The only piece of modernity in the room was a sleek, shiny black laptop on the desk. Parsons looked up from it, gestured.

‘Please, take a seat, Detective…?’

‘Detective Inspector Brennan.’ Phil sat. The chair creaked.

Parsons nodded. ‘We had a call from one of your lot yesterday. Woman, I think. Hard to tell these days.’ His voice was working-class West Midlands marinated in years of unfiltered cigarettes and whisky. Quiet but authoritative. A boss’s voice. ‘Said there’d been a murder at one of our properties.’

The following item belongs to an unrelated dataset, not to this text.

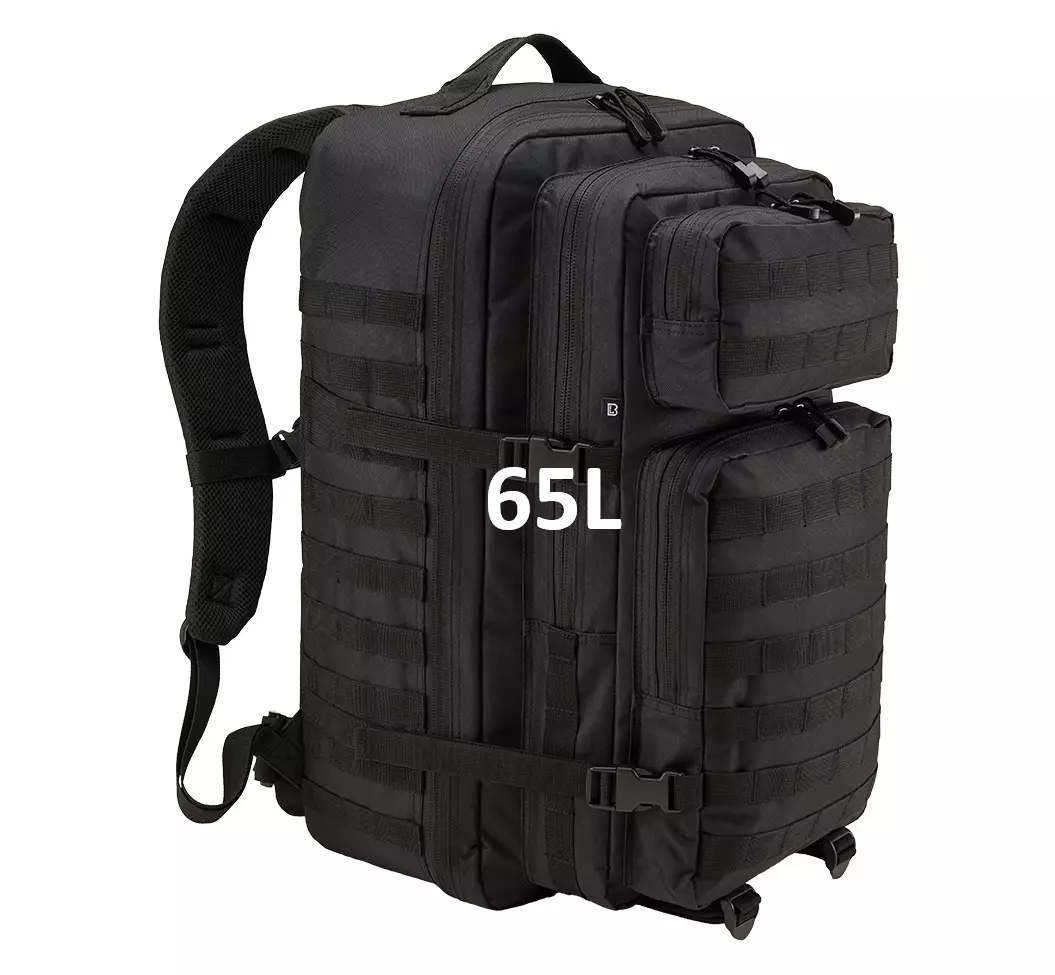 Brandit reppu Cooper Pack, XL, musta. Branditin Assault Pack XL rynnäkköreppu on todella iso reppu päivittäiseen käyttöön. Repussa on yksi iso päätasku, jonka sisällä kaksi pienempää taskua kaikenlaiselle pikkutavaralle. Repun selkäosassa on iso velcro -tarralla avattava lokero juomarakolle tai vaikka pienelle läppärille tai padille. Päätaskun jälkeen on toinen isohko tasku, jossa myös pienempiä taskuja sisällä. Tämän lisäksi edessä kaksi pintaan ommeltua pienempää taskua. Näistä pienemmässä ei ole sisätaskuja, mutta isommasta löytyy lokero lehtiölle ja kynille. Reppu on valmistettu kestävästä paksusta nailonista, joka on pinnoitettu PVC:llä, joten kestää kosteutta varsin hyvin. Reppu ei kuitenkaan ole täysin veden pitävä. Kaikki lokerot sulkeutuvat vetoketjuilla poislukien juomarakon tasku repun takaosassa. Repussa on riittävästi säätövaroja sekä molle -kujastoja (modular system), joihin saa kiinni kaikenlaista tavaraa sekä erillisiä molle -pusseja.
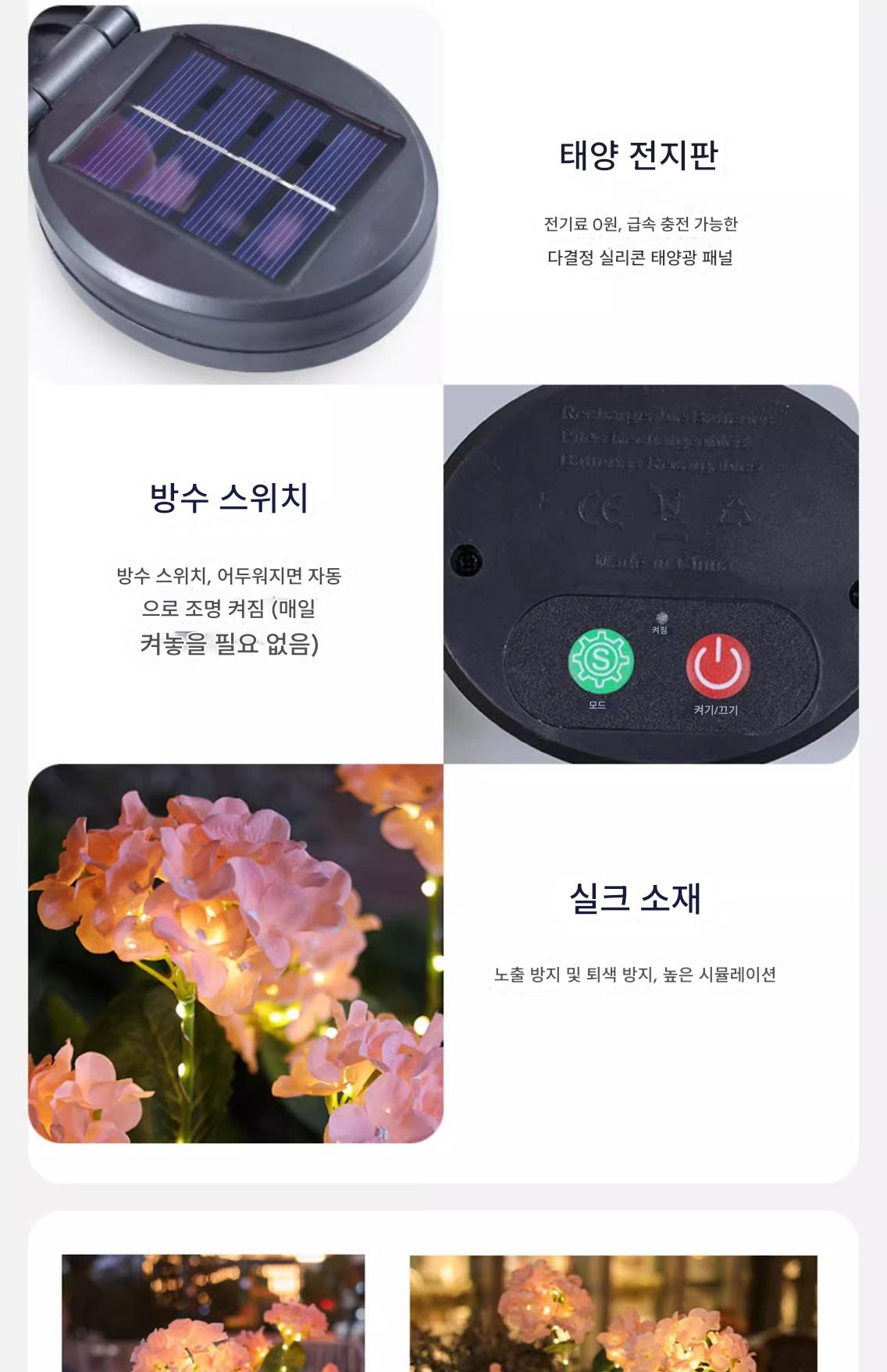 태양광 정원 조명 야외 방수 빌라 조경 잔디 정원 발코니 장식 접지 플러그 수국 시뮬레이션 랜턴

‘That’s right. Falcon Close, just off the Pershore Road. You probably saw it on the news.’

Parsons’s eyes were flat glass. Opaque, not transparent. ‘I don’t watch much telly. Apart from the football. And the boxing. I’m not a news person. But your young woman said as much. So I expected a call today.’

‘And here I am.’

‘Here you are.’ He slowly closed his laptop screen, gave Phil his full attention. ‘What is it you want to know, Inspector Brennan?’

‘Just a bit of background about your tenant.’

‘What d’you need?’

‘Whatever you’ve got. Where he’s from, what he does for a living, who his referees were, his family, anything at all.’

Parsons raised his eyebrows. ‘Anything to oblige.’ He leaned back in his chair as if making to stand up, then thought better of it. Instead he pressed a button on his desk intercom. ‘Cheryl, can you come in a minute, please, love.’

The heavy, tired receptionist made her way inside. Stood in the middle of the floor, waiting. The look she gave Parsons told him she had been called away from some vital UN business so it had better be important.

‘Can you get everything on the Falcon Close property, please. Last tenant.’ He turned to Phil. ‘You just want the last one? Any more?’

Phil was about to say no, but something stopped him. That wasn’t the question he’d been expecting Parsons to ask him. And because of that, he changed his answer.

‘Just the last six months, please. That ought to do it.’

A look passed between Parsons and Cheryl. It was gone almost as quickly as it appeared, but Phil caught it. Unfortunately he couldn’t read it well enough to know what it meant.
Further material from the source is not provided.